■ Entries taken from a collection
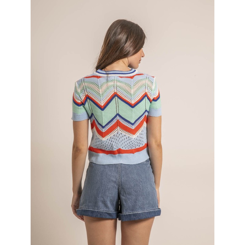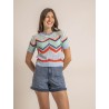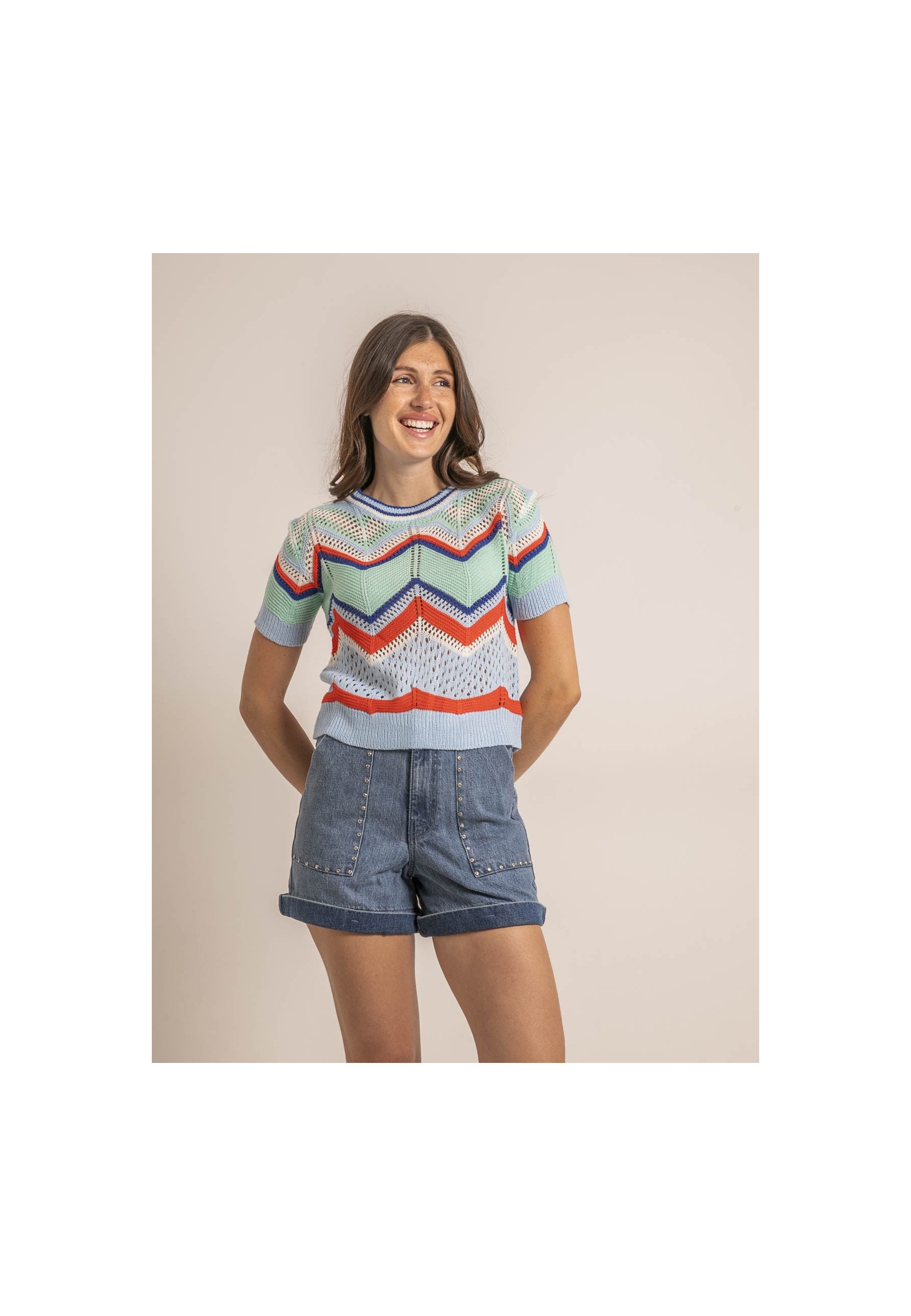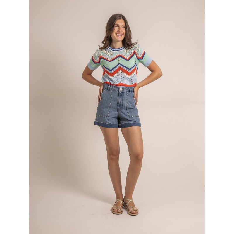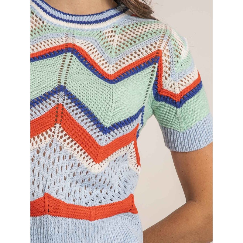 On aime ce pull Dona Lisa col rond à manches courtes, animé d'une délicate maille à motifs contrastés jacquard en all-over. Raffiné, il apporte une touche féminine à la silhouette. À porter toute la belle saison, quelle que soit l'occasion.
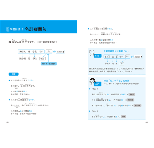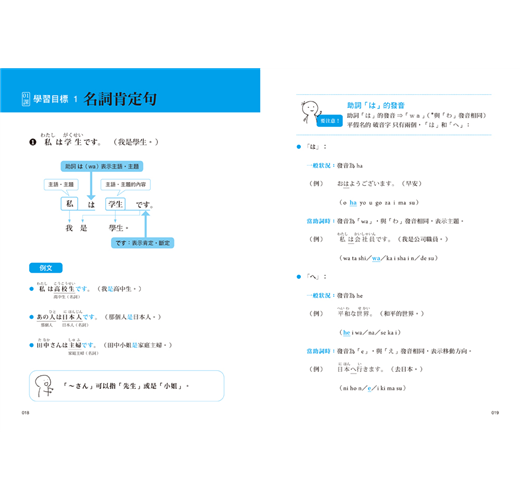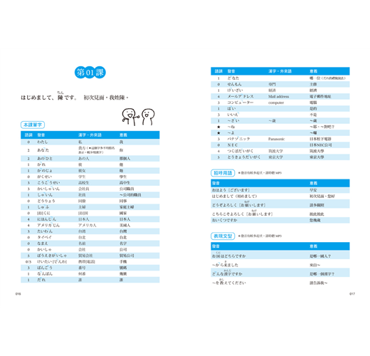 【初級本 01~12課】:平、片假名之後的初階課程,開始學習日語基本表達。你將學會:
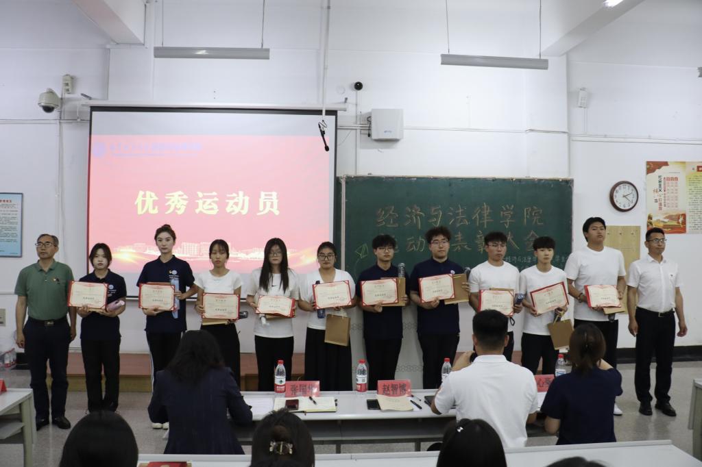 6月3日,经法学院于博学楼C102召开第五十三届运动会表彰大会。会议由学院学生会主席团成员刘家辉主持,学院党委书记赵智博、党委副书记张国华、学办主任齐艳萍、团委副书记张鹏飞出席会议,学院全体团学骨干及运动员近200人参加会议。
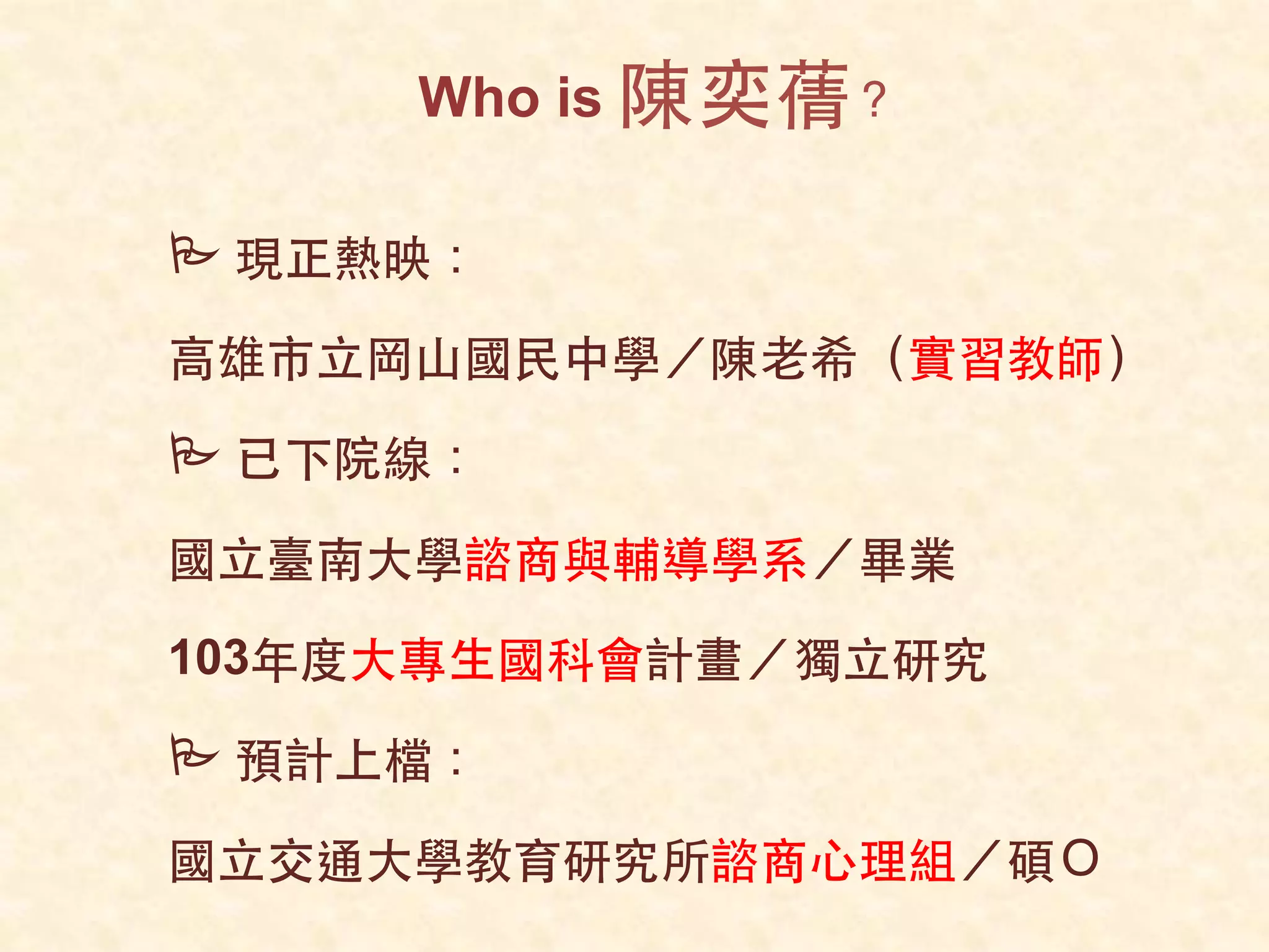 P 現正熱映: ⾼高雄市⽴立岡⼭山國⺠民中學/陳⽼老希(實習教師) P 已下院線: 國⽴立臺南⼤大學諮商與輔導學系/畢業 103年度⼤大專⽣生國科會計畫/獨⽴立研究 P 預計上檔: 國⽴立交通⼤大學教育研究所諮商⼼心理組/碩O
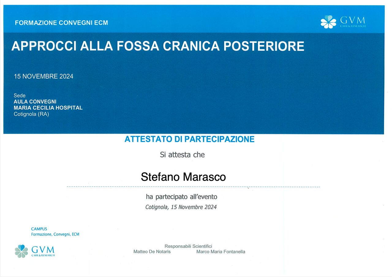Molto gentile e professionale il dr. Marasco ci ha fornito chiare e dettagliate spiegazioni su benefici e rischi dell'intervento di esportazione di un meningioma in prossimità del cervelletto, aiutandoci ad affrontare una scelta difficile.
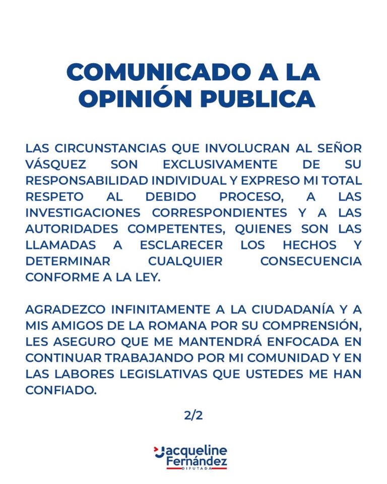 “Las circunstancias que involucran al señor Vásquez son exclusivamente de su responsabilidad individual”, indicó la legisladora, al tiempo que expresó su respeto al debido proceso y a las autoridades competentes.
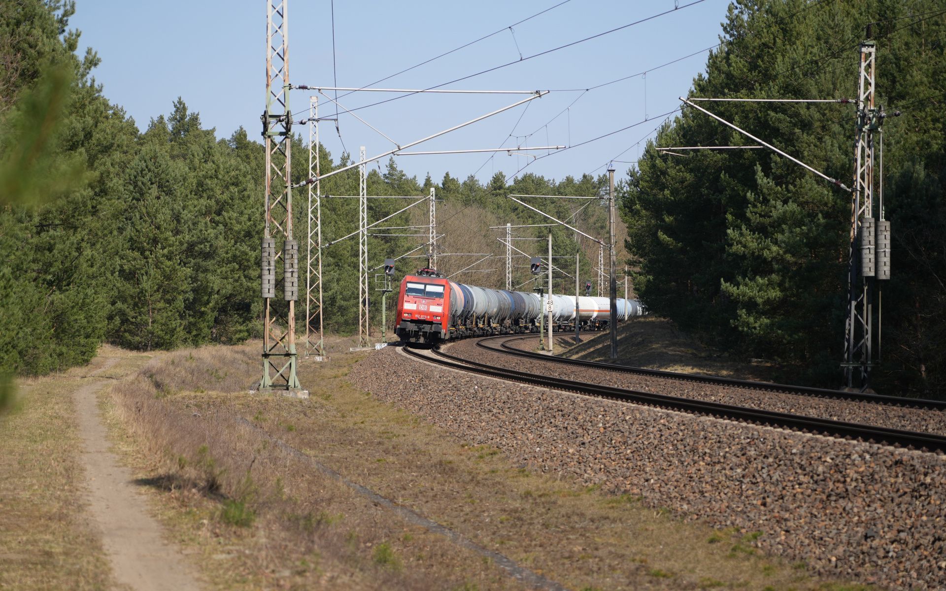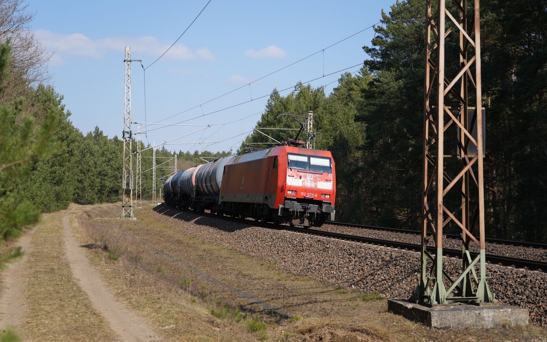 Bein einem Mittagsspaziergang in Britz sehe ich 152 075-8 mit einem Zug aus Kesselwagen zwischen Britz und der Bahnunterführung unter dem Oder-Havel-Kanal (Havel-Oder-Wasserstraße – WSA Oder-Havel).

■ PROBLEM DESCRIPTION
Copy out the data above exactly, except the pictures.

■ EXERCISE RESPONSE
 On aime ce pull Dona Lisa col rond à manches courtes, animé d'une délicate maille à motifs contrastés jacquard en all-over. Raffiné, il apporte une touche féminine à la silhouette. À porter toute la belle saison, quelle que soit l'occasion.
 【初級本 01~12課】:平、片假名之後的初階課程,開始學習日語基本表達。你將學會:
 6月3日,经法学院于博学楼C102召开第五十三届运动会表彰大会。会议由学院学生会主席团成员刘家辉主持,学院党委书记赵智博、党委副书记张国华、学办主任齐艳萍、团委副书记张鹏飞出席会议,学院全体团学骨干及运动员近200人参加会议。
 P 現正熱映: ⾼高雄市⽴立岡⼭山國⺠民中學/陳⽼老希(實習教師) P 已下院線: 國⽴立臺南⼤大學諮商與輔導學系/畢業 103年度⼤大專⽣生國科會計畫/獨⽴立研究 P 預計上檔: 國⽴立交通⼤大學教育研究所諮商⼼心理組/碩O
Molto gentile e professionale il dr. Marasco ci ha fornito chiare e dettagliate spiegazioni su benefici e rischi dell'intervento di esportazione di un meningioma in prossimità del cervelletto, aiutandoci ad affrontare una scelta difficile.
 “Las circunstancias que involucran al señor Vásquez son exclusivamente de su responsabilidad individual”, indicó la legisladora, al tiempo que expresó su respeto al debido proceso y a las autoridades competentes.
 Bein einem Mittagsspaziergang in Britz sehe ich 152 075-8 mit einem Zug aus Kesselwagen zwischen Britz und der Bahnunterführung unter dem Oder-Havel-Kanal (Havel-Oder-Wasserstraße – WSA Oder-Havel).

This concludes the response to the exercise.